1 Persoonstaal en identiteitstaal
Wat is de meest geschikte manier om mensen met de diagnose autisme aan te spreken, waarbij de taal van de persoon centraal staat (d.w.z. personen met autisme) of door gebruik te maken van taal waarbij de identiteit voorop staat (d.w.z. autistische personen)? In ons lab kiezen we ervoor om beide talen te gebruiken, omdat beide verschillende manieren bieden om het stigma van autisme en handicaps weg te nemen (Vivanti, 2020), en er is momenteel niet genoeg onderzoek om te wijzen op één universeel aanvaardbare en respectvolle terminologie (Dunn & Andrews, 2015).
„Personen met autisme”
: De taal waarin de persoon centraal staat, benadrukt de waarde van de persoon boven en buiten de handicap: het pleit ervoor dat een persoon met een handicap in de eerste plaats 'een persoon' is en dus alle mensenrechten, kansen en gepaste eerbied verdient zoals die aan elk ander mens worden toegekend (Vivanti, 2020). Het benadrukt ook de waarde, autonomie en uniciteit van de persoon, waarvan de handicap niet het bepalende kenmerk is (Wright, 1983). Voor het eerst voorgesteld binnen de beweging voor de rechten van mensen met een handicap (Kenny et al., 2016), was bedoeld om een positievere identiteit van mensen met een handicap te creëren (Bailey, 1991; Blaska, 1993) en zich te verzetten tegen de traditionele opvatting van invaliditeit als een medische aandoening die moet worden genezen of voorkomen (Williams, 1996). Uit een onderzoek in Nederland onder ongeveer 500 volwassenen met de diagnose autisme bleek dat de meerderheid de voorkeur gaf aan de persoonstaal (Wevers, 2020).

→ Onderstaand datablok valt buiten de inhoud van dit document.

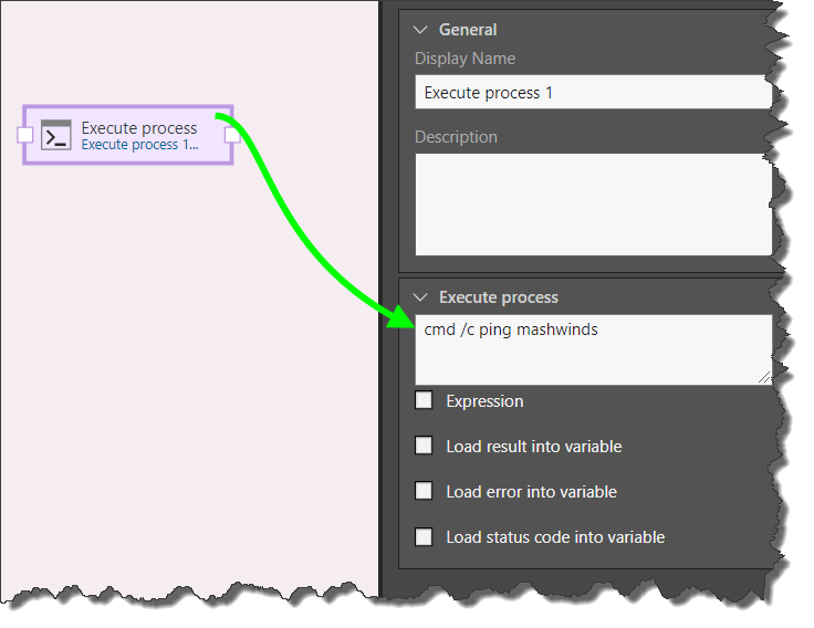 Add the Execute Process node and enter the command in its script window. In this example, a simple script is entered to ping the server:
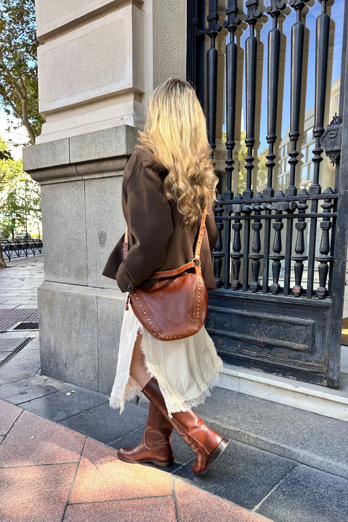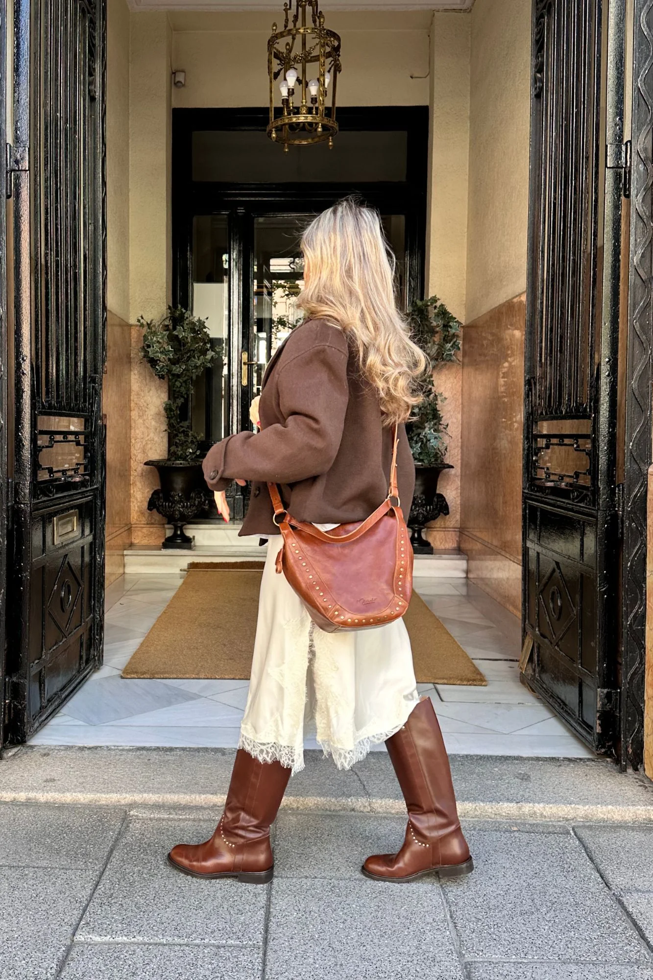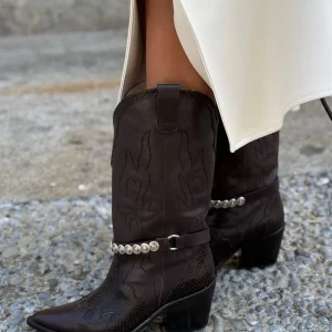 Bota de caña alta estilo ecuestre en piel marrón que combina su estilo atemporal y versátil. De puntera almendrada, caña ancha y tiras laterales con tachas metálicas en dorado en la parte superior y en corte de empeine que marca la esencia Micuir. Presenta un piso de 2 cm de altura con plantilla de micro gel para un mayor confort. Forro y plantilla de piel mestizo de cabra a tono y planta con certificado »handmade in Spain» con logo grabado a fuego. Incluye una bolsa de algodón. Diseñado y fabricado artesanalmente en España.
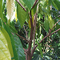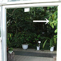 温室を出るときに温室の出口付近にあったのがカカオの木なのですが、画像でカカオの花がどにあるかわかりますか?樹木から直接花が咲いているんです。しかも、極小の花が・・・。これも見過ごしてしまいそうな花ですよね。(香りはないのですが・・・)
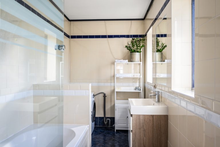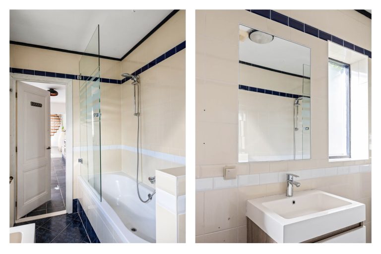De badkamer bevindt zich op de begane grond en is compleet ingericht met een bad, douche, wastafel en een aansluiting voor de wasmachine.
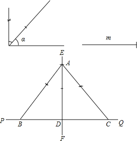 (2)以AF为一边,分别在AF两侧作∠FAB=∠FAC=90°-∠α,分别交直线PQ于点B、C,则△ABC为所求作的等腰三角形.
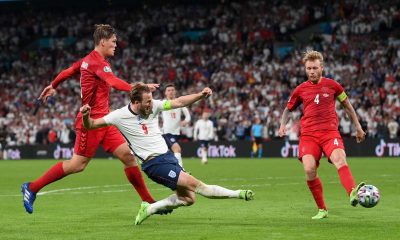Интересен и израмнет меч играат Англија и Данска во првите 45 минути на „Вембли“. Полуфиналниот дуел донесе отворен фудбал, љубителите на најважната споредна работа на светот...
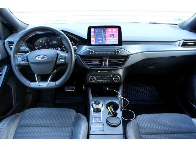 Bijzonder sportieve Ford Focus ST-Line Automaat met een zeer vlotte 150pk sterke 1.5 EcoBoost turbo benzine motor en een km stand van slechts 91.000 kilometer afkomstig van zijn eerste Eigenaar! Hele dikke ST uitvoering die beschikt onder andere over Apple Carplay / Android Auto, Adaptieve Cruise Control, Rijstrooksensor met Stuurhulp, Full-LED Kopampen, Leder/Stof Sportstoelen, Keyless go, Navigatie, Parkeersensoren voor en achter, Bluetooth, Multifunctioneel Stuur, Stoelverwarming, Stuurverwarming, Voorruitverwarming en nog veel meer! Kom langs voor een proefrit! Wegenbelasting €69,- per maand. 8 versn., Automaat; Modeljaar: 2018; 4WD; 110 kW; 240 Nm; 3 cilinders; 1.498cc; Gewicht: 1.304kg; Wielbasis: 270cm; 52l tank; 0-100 km/h: 8,9s; Topsnelheid: 208km/u; Interieurkleur: zwart; 5 zitplaatsen; 5,9 l/100km; Energielabel C; Onderhoudsboekjes aanwezig; 2 sleutels (2 handzenders); Wegenbelasting: € 199-€ 217p/kwrt; 4104
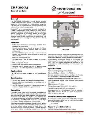 Datasheet for the Fire-Lite CMF-300, published in 2010. Document No: df-52130, Rev: B2. 4 models including CMF-300, CMF-300A, SMB500 and 1 additional variants. Detailed technical specifications, electrical ratings, and agency listings.
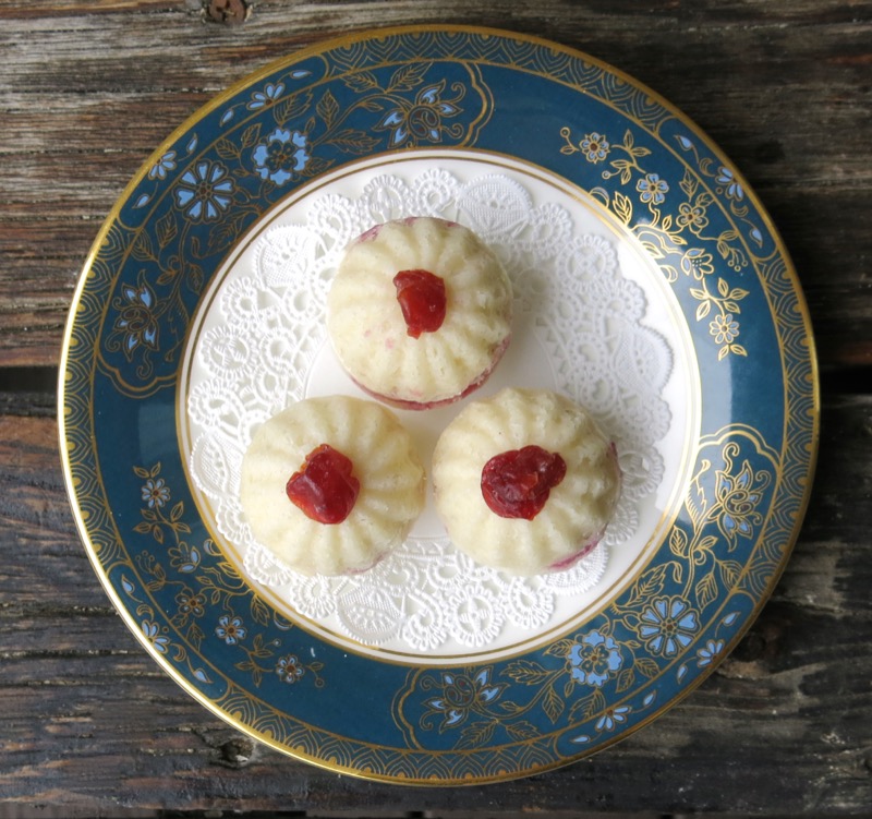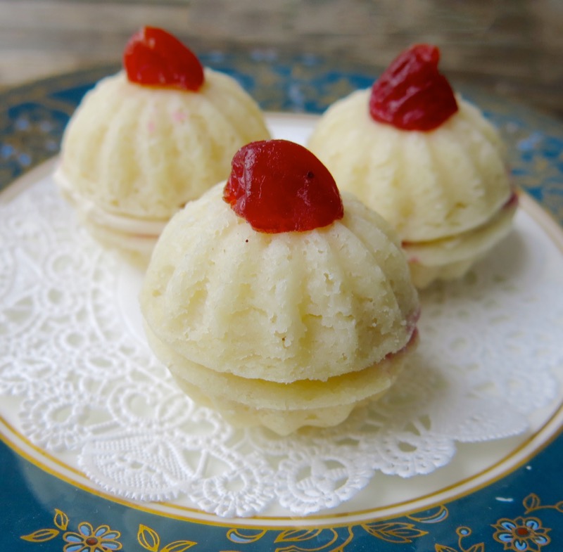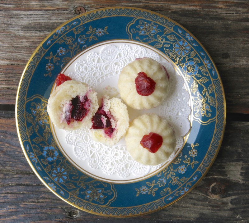 I had filled the shortbread tart shells with sour cherries and lemon curd a couple of years and that was pretty, and delicious. But, this year, scrounging through my pans and cutters, I found a tart pan I hadn’t used in a few years that inspired me to make a tart ball as I recalled when using it last time into little Apricot Tassies that I never wrote about, that the tart shape formed a perfect ball when one was placed upon the other.
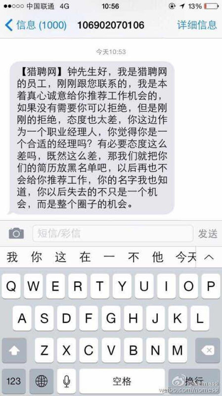 这时我才知道,原来是因为猎聘网的客服给钟先生打电话推荐工作机会,被钟先生快速回绝。客服觉得钟先生回绝态度恶劣(有可能正在和VC meeting呢),心有余气,于是通过猎聘网的系统账号给张先生发送了如上二图的消息,可能觉得说完第一段话还不够解气顺势又补了一刀,说出:“你连基本做人尊重人的道理都不懂,根本不配做一名合适的职业经理人,请自重”这样的重话。我觉得能给职业经理人介绍工作机会的客服,好带也是senior级别的客服吧?有什么不爽暗地里骂娘,默默拉黑不就完了,非要选取这么极端的方式毁掉自己的职业生涯。现在短信和微信类似以前邮箱的功能,可以用于留底,在这个互联网极其发达的时代,任何公开的言论都有可能给公司给自己带来灭顶之灾。
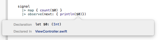 The simple code examples above show some of the benefits that Swift brings to ReactiveCocoa. The use of generics for defining signals means that you get type safety when observing events. Furthermore, type inference means that while some of the types you are dealing with are pretty complex, involving nested generics, you don’t have to explicitly declare the generic types.
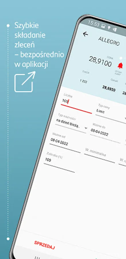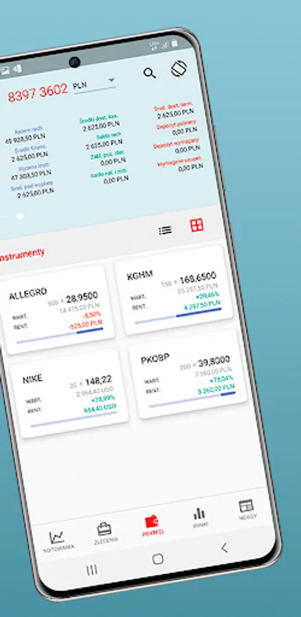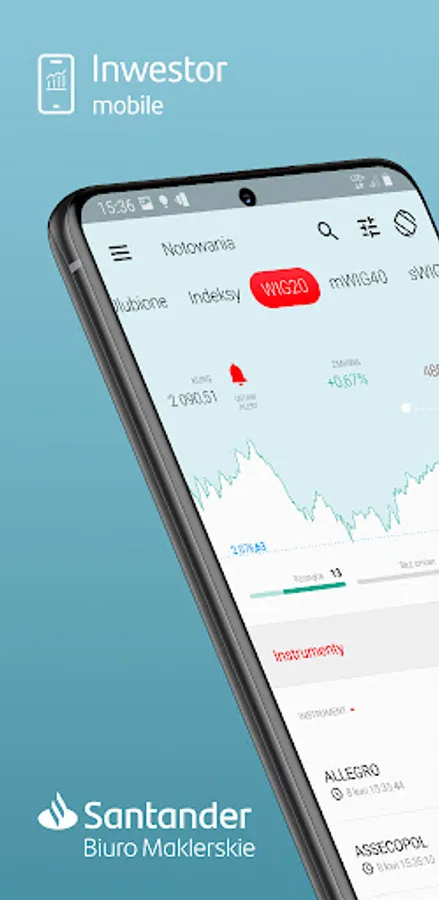 Inwestor mobile application provides an easy and convenient access to services of Santander Biuro Maklerskie.
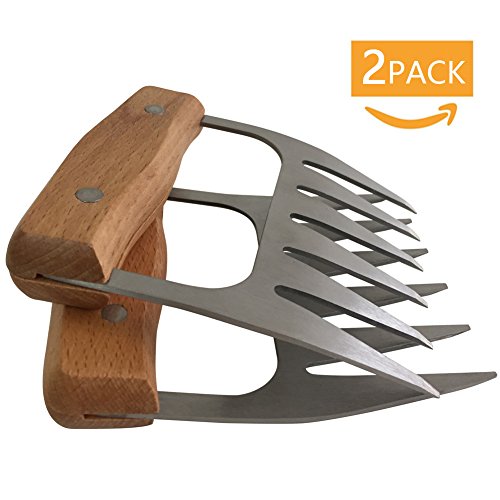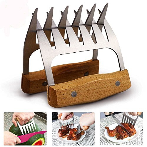 - ★PREMIUM QUALITY MEAT CLAWS--Our metal bear claws are made of high quality stainless steel and thick wood handle,Compare with some plastic or Nylon claws which may melted or bent and create food safety issues. They are easier to use more healthy and easy to clean up.

„Autistische individuen”: Identity-first language benadrukt dat een handicap zelf de reden kan zijn voor trots en feest (Vivanti, 2020). In sommige autistische gemeenschappen (Gernsbacher, 2017; Sinclair, 1999) wordt de voorkeur gegeven aan taal die de voorkeur geniet van een groot percentage autistische volwassenen, familieleden, vrienden en ouders (Kenny et al., 2016). Het vermijdt het bagatelliseren van de onafscheidelijke relatie tussen de persoon en de diagnose, en ontkent niet de mogelijkheid dat iemand trots kan zijn op zijn of haar identificatie. Het maakt ook gebruik van de algemene logica dat positieve en wenselijke eigenschappen aan de zelfstandige naamwoorden moeten voorafgaan, zoals we zouden zeggen „intelligente mensen” in plaats van „mensen met intelligentie”. De onderliggende opvatting van taal waarbij identiteit voorop staat, is dat autisme een uiting is van neurodiversiteit, in plaats van een pathologie, en dat de autismecultuur erkend, gewaardeerd en gevierd moet worden (Altman, 2001; Robertson & Ne'eman, 2008).

(Aangepast van p.17-18 in: Li, B. (2021, 10 november). Begrijpen, uiten en interageren: de ontwikkeling van emotioneel functioneren bij jonge kinderen met autisme. Lees meer hier.)